We hold that the use of a ruse is not prohibited in the execution of a search warrant. However, when the police use force to gain entry, they are required to comply with HRS § 803-37 and Garcia.

Eleneki, 92 Hawai'i at 563, 993 P.2d at 1192.

. As previously indicated, the case at bar presents us with the opportunity to correct the conflicting language in Eleneki. See discussion, supra at 23, 41 P.3d at 179. In so doing, we recognize that we inadvertently stated in the second paragraph of the portion of Eleneki discussed supra at 23, 41 P.3d at 179 that "the force used by the officers to further open the door against Foster’s resistance was not a breaking.” Considering Eleneki as a whole, the aforementioned statement was obviously a mistake. Nevertheless, Justice Acoba seizes upon our inadvertent mistake in support of his assertion that Eleneki and Dixon are inconsistent with each other. See J. Acoba, concurring and dissenting op. at 47, 41 P.3d at 203. However, a careful reading of the analysis in this opinion demonstrates that they are not.

. In Salter, a police officer, posing as a hotel clerk, called the defendant and requested that she come to the front desk to sign a paper. 815 F.2d at 1151. Several police officers and a Drug Enforcement Agency (DEA) agent waited outside of her room to serve a search warrant. The parties disagreed about what happened next. Id. According to the government, the officers stopped the defendant after she had opened the door to her room and stepped out into the hall, identified themselves, and informed her of the search warrant before they escorted her back into her room. Id. According to the defendant, the officers came forward in the room, pushed the door open, and did not identify themselves or inform her of the warrant until after they had taken her back into the hotel room. By both accounts, the DEA agent had placed his foot in the doorway to keep the door from closing. Id. The United Slates Court of Appeals for the Seventh Circuit concluded that this "means of entry” did not constitute an "intrusion” and that, even if the agent did push the door fully open, such action did not constitute force. Id. at 1152. Based on the foregoing, Salter is distinguishable from Contreras-Ceballos and from the case at bar in that the defendant in Salter was not attempting to close the door. Thus, the use of force was not at issue.

. Under the circumstances described, it would be unreasonable to require the officers to wait. See State v. Garcia 77 Hawai'i 461, 468, 887 P.2d 671, 678 (App.1995) (stating that the lawfulness of the execution of a search warrant should be judged under a standard of reasonableness, taking into account the totality of the circumstances).

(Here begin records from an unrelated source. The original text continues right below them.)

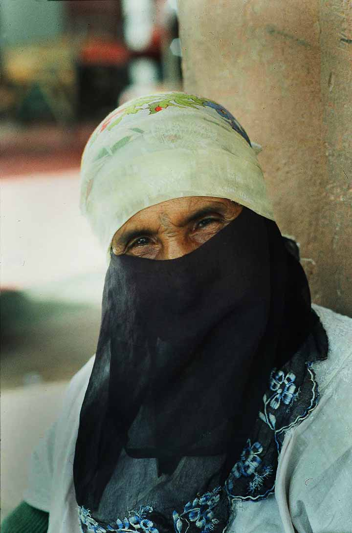 Woman (?) with traditional veil in Marrakesh (Morocco).Morocco n002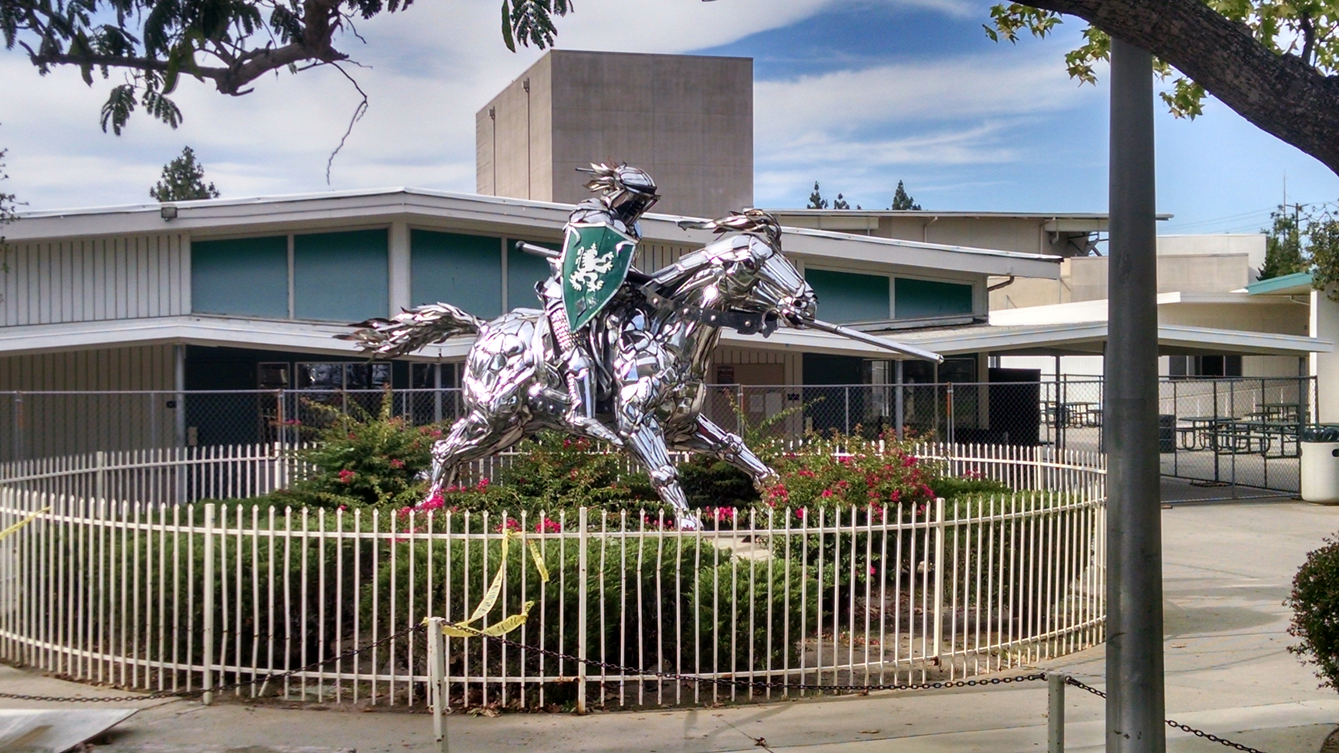 Thousand Oaks High School sculpture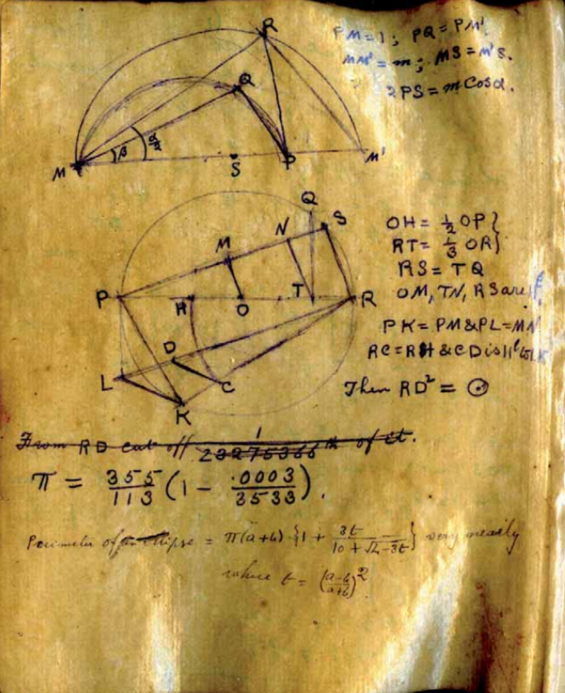 Squaring the circle of Srinivasa Ramanujan, of the MANUSCRIPT BOOK 1 OF SRINIVASA RAMANUJAN page 54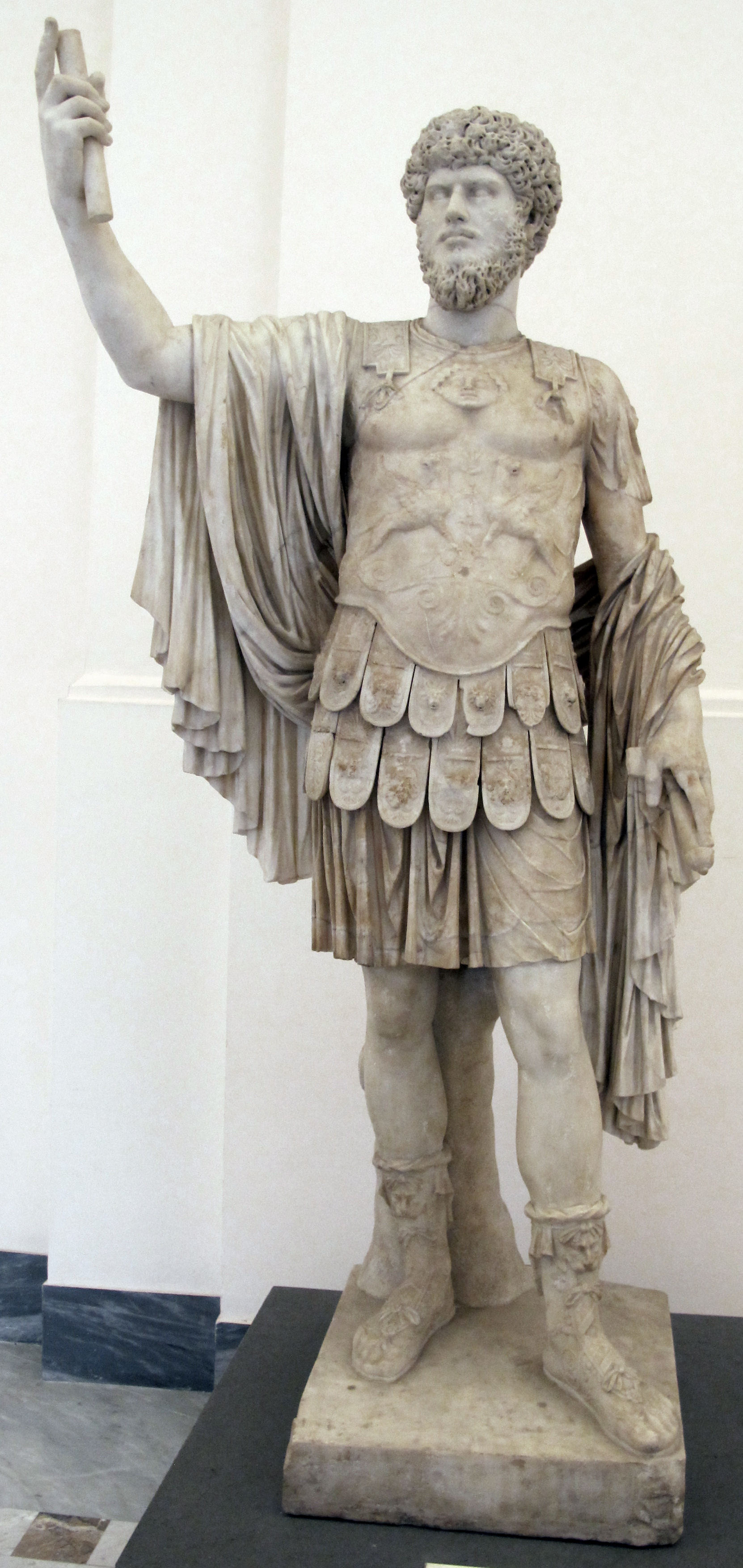 Ancient Roman statues from the Farnese Collection, now in Naples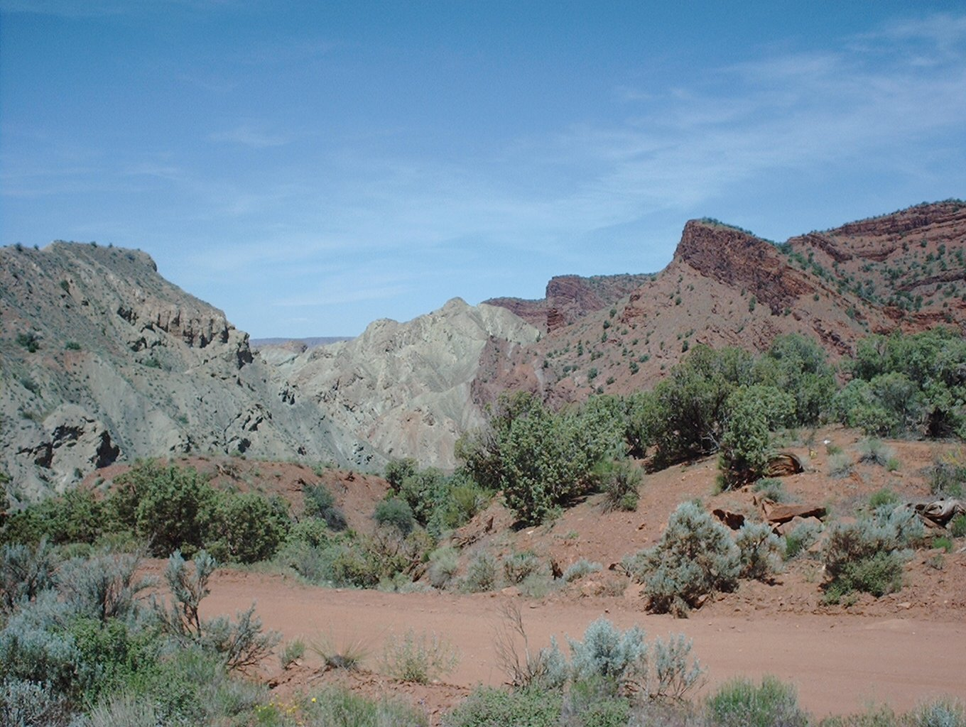 Emergent dome of Carboniferous salt of the Paradox Formation, at Fisher Towers, UT, U.S. Light gray formation in left-center is the salt emerging between eroding, anticlinal-uplifted overburden.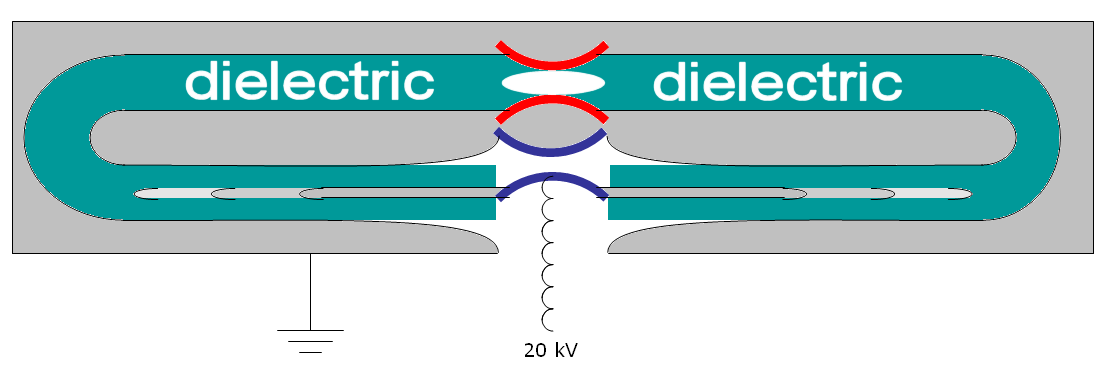 Nitrogen Laser. Composed from various sources on the Web and in the Journal on Scientific Instruments, by me using my computer. Nothing was electronically copied. Everthing was altered. 2005-08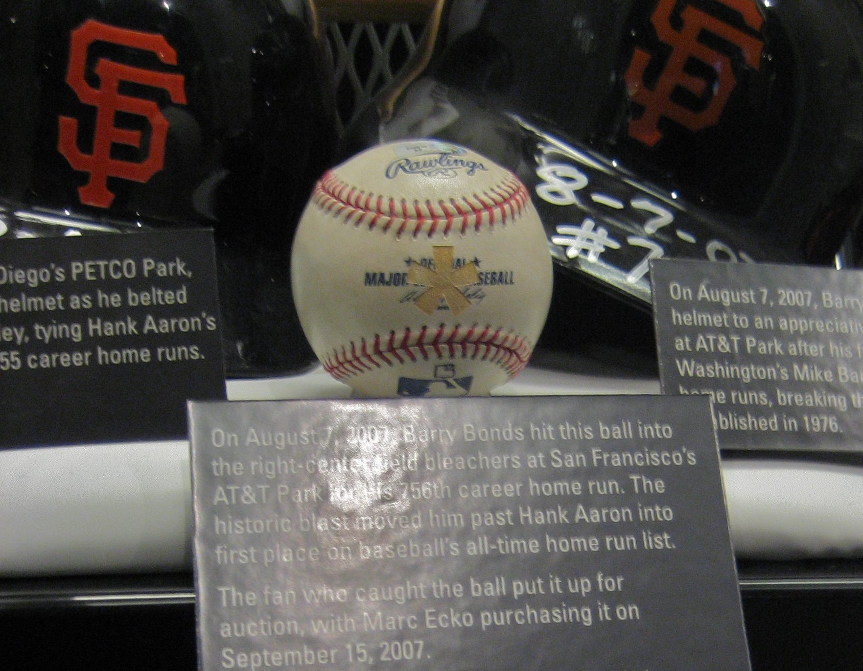 Barry Bonds' 756th home run ball in the Baseball Hall of Fame, with the asterisk branded on it by Marc Ecko.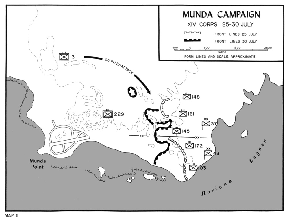 Map showing the Japanese counterattack on New Georgia, July 1943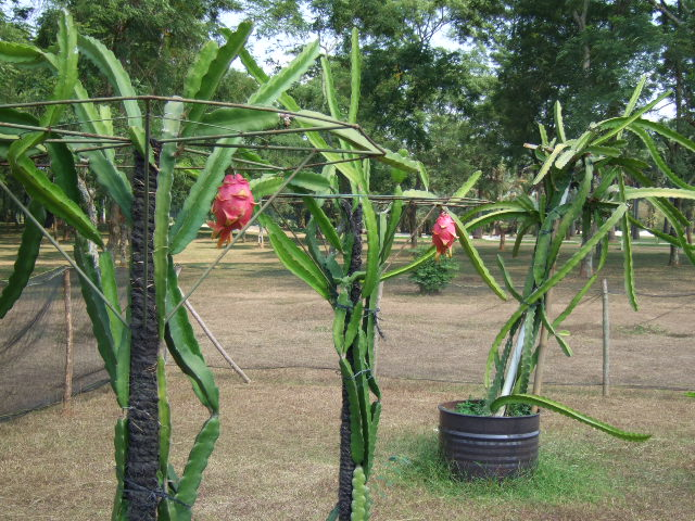 Pitaya (Hylocereus undatus), Mekarsari Tourism Park, Indonesia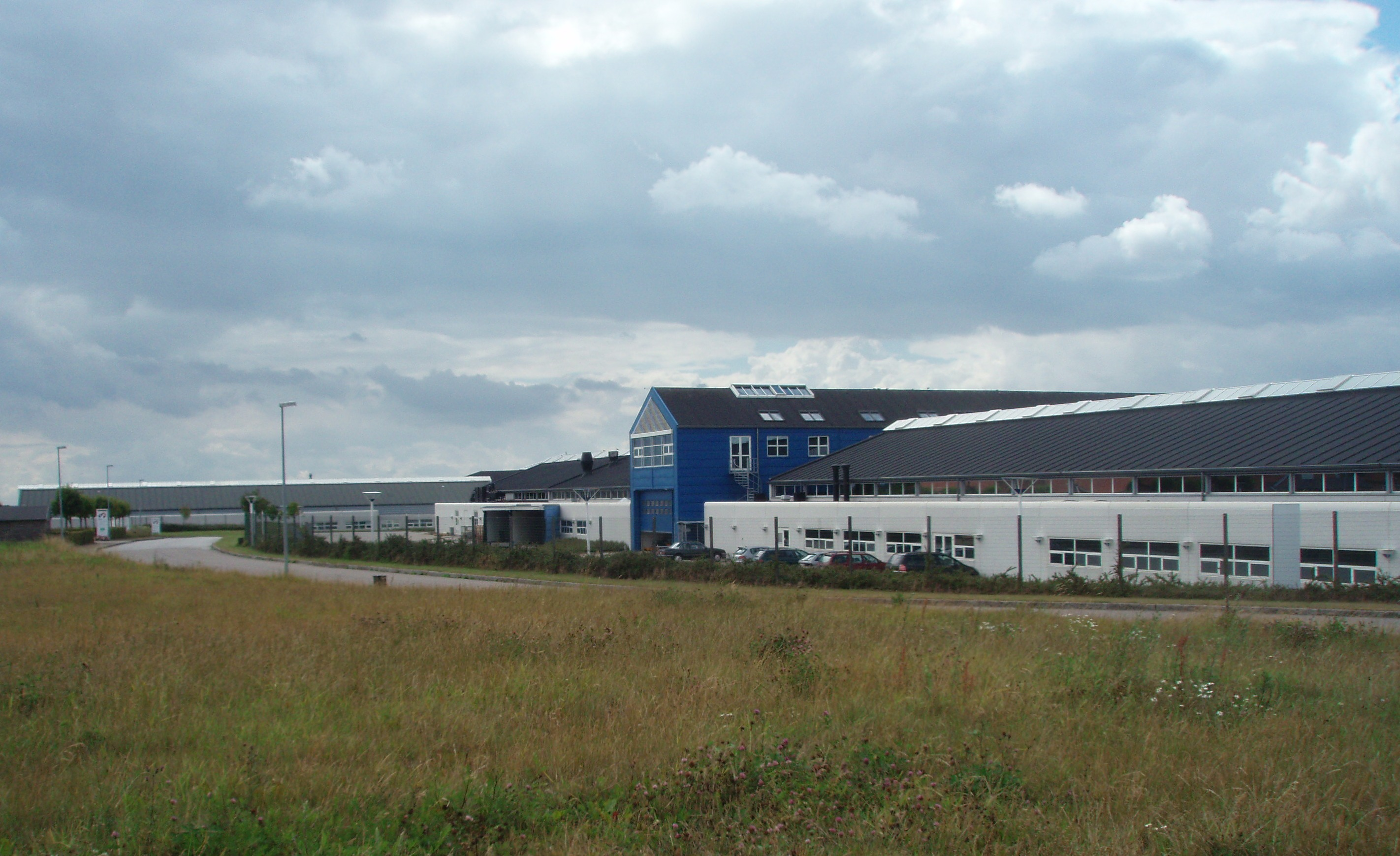 Factory buildings belonging to Linak A/S, Guderup, Denmark

. HRS § 803-11 provides that:

Whenever it is necessary to enter a house to arrest an offender, and entrance is refused, the officer or person making the arrest may force an entrance by breaking doors or other barriers. But before breaking any door, the officer or person shall first demand entrance in a loud voice, and state that the officer or person is the bearer of a warrant of arrest; or if it is in a case in which arrest is lawful without warrant, the officer or person shall substantially state that information in an audible voice.